Set down exactly the lines in the records below that run from the line with "Designed for strength" to the line with "388 - حَدَّثَنَا", inclusive, and nothing more.

Provided records:
Start of Block

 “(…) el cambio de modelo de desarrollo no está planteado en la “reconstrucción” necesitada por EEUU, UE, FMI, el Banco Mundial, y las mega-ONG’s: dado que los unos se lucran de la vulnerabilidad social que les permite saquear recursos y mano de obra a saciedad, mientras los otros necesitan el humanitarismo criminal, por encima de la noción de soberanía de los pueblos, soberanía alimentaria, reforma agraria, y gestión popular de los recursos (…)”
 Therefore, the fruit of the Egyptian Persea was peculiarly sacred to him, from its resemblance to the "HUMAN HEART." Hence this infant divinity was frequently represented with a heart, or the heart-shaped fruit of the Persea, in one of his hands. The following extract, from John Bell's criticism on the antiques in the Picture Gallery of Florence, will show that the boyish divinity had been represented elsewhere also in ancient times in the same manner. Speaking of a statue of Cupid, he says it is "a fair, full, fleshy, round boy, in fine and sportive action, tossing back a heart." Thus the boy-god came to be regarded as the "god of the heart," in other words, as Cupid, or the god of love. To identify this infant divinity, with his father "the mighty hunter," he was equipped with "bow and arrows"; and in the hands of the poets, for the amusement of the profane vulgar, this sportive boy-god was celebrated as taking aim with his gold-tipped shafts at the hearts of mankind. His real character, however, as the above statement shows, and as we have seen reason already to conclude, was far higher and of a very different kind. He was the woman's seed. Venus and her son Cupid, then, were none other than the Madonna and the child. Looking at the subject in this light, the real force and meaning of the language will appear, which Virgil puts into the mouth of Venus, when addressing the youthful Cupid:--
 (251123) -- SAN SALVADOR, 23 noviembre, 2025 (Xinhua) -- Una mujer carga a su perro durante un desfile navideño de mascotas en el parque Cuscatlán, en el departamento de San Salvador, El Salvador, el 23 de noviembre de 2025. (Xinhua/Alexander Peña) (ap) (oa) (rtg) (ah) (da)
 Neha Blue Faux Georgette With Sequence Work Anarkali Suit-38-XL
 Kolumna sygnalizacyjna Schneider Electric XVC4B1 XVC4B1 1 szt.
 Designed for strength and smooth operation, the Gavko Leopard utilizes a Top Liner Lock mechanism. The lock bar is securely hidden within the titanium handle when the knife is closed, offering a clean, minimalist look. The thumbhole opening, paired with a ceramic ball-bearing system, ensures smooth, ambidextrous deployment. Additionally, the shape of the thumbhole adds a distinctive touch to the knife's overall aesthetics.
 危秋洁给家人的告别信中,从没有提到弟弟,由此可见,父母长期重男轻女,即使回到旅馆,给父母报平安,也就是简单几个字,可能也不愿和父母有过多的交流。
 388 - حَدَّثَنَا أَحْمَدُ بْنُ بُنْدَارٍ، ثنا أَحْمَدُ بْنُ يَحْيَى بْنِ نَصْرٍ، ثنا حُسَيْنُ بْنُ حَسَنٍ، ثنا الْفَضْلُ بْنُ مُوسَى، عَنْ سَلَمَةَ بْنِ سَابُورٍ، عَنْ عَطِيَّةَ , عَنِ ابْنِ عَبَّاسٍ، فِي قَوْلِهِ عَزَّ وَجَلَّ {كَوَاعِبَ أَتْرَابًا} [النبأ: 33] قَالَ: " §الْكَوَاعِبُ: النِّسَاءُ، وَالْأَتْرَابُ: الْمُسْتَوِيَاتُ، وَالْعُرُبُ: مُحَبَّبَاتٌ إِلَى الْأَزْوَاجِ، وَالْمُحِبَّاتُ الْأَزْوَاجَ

End of Block
Start of Block

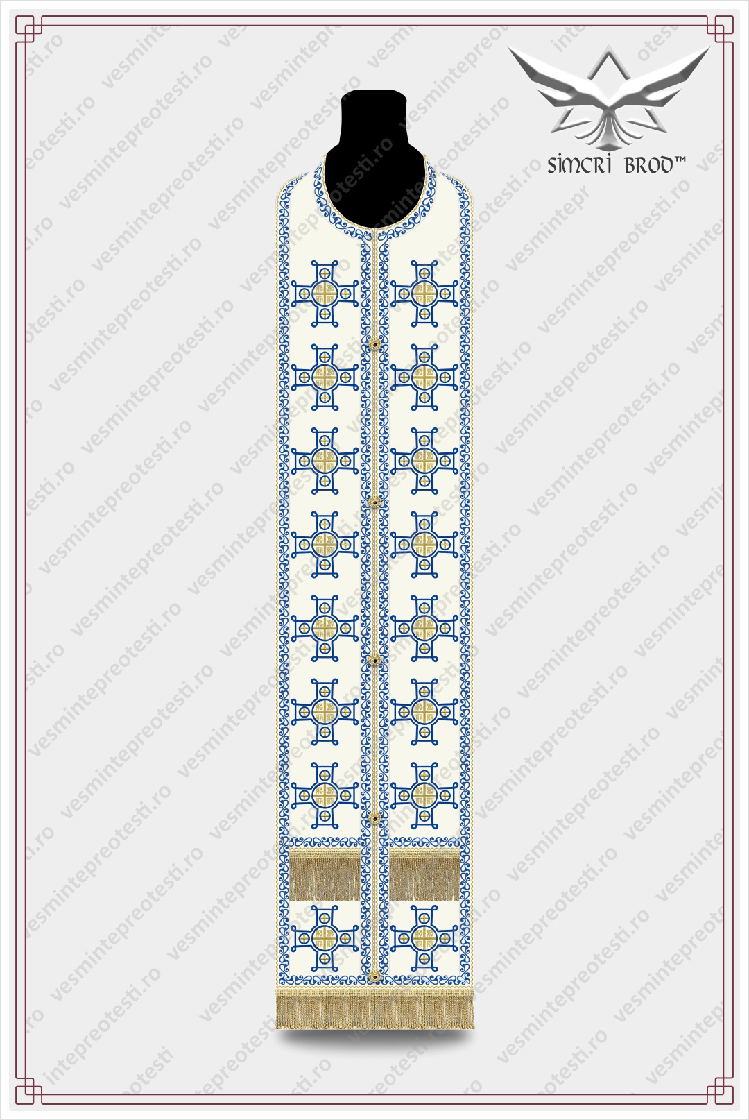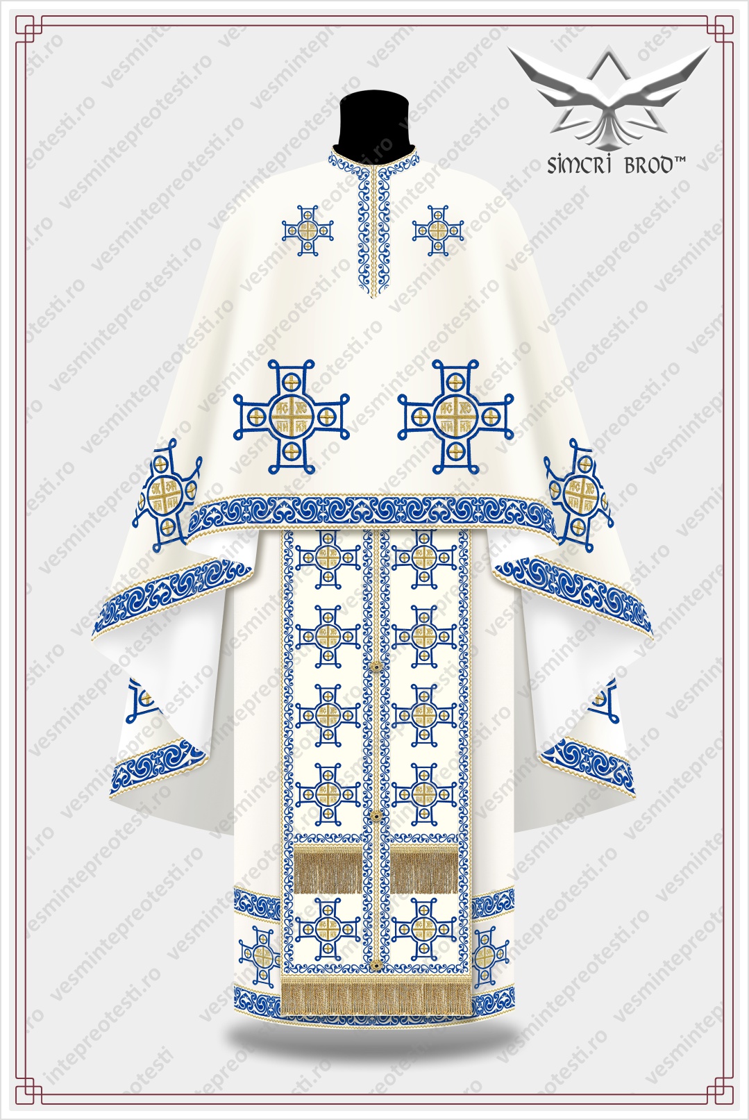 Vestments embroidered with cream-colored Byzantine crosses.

End of Block

Response box:
 Designed for strength and smooth operation, the Gavko Leopard utilizes a Top Liner Lock mechanism. The lock bar is securely hidden within the titanium handle when the knife is closed, offering a clean, minimalist look. The thumbhole opening, paired with a ceramic ball-bearing system, ensures smooth, ambidextrous deployment. Additionally, the shape of the thumbhole adds a distinctive touch to the knife's overall aesthetics.
 危秋洁给家人的告别信中,从没有提到弟弟,由此可见,父母长期重男轻女,即使回到旅馆,给父母报平安,也就是简单几个字,可能也不愿和父母有过多的交流。
 388 - حَدَّثَنَا أَحْمَدُ بْنُ بُنْدَارٍ، ثنا أَحْمَدُ بْنُ يَحْيَى بْنِ نَصْرٍ، ثنا حُسَيْنُ بْنُ حَسَنٍ، ثنا الْفَضْلُ بْنُ مُوسَى، عَنْ سَلَمَةَ بْنِ سَابُورٍ، عَنْ عَطِيَّةَ , عَنِ ابْنِ عَبَّاسٍ، فِي قَوْلِهِ عَزَّ وَجَلَّ {كَوَاعِبَ أَتْرَابًا} [النبأ: 33] قَالَ: " §الْكَوَاعِبُ: النِّسَاءُ، وَالْأَتْرَابُ: الْمُسْتَوِيَاتُ، وَالْعُرُبُ: مُحَبَّبَاتٌ إِلَى الْأَزْوَاجِ، وَالْمُحِبَّاتُ الْأَزْوَاجَ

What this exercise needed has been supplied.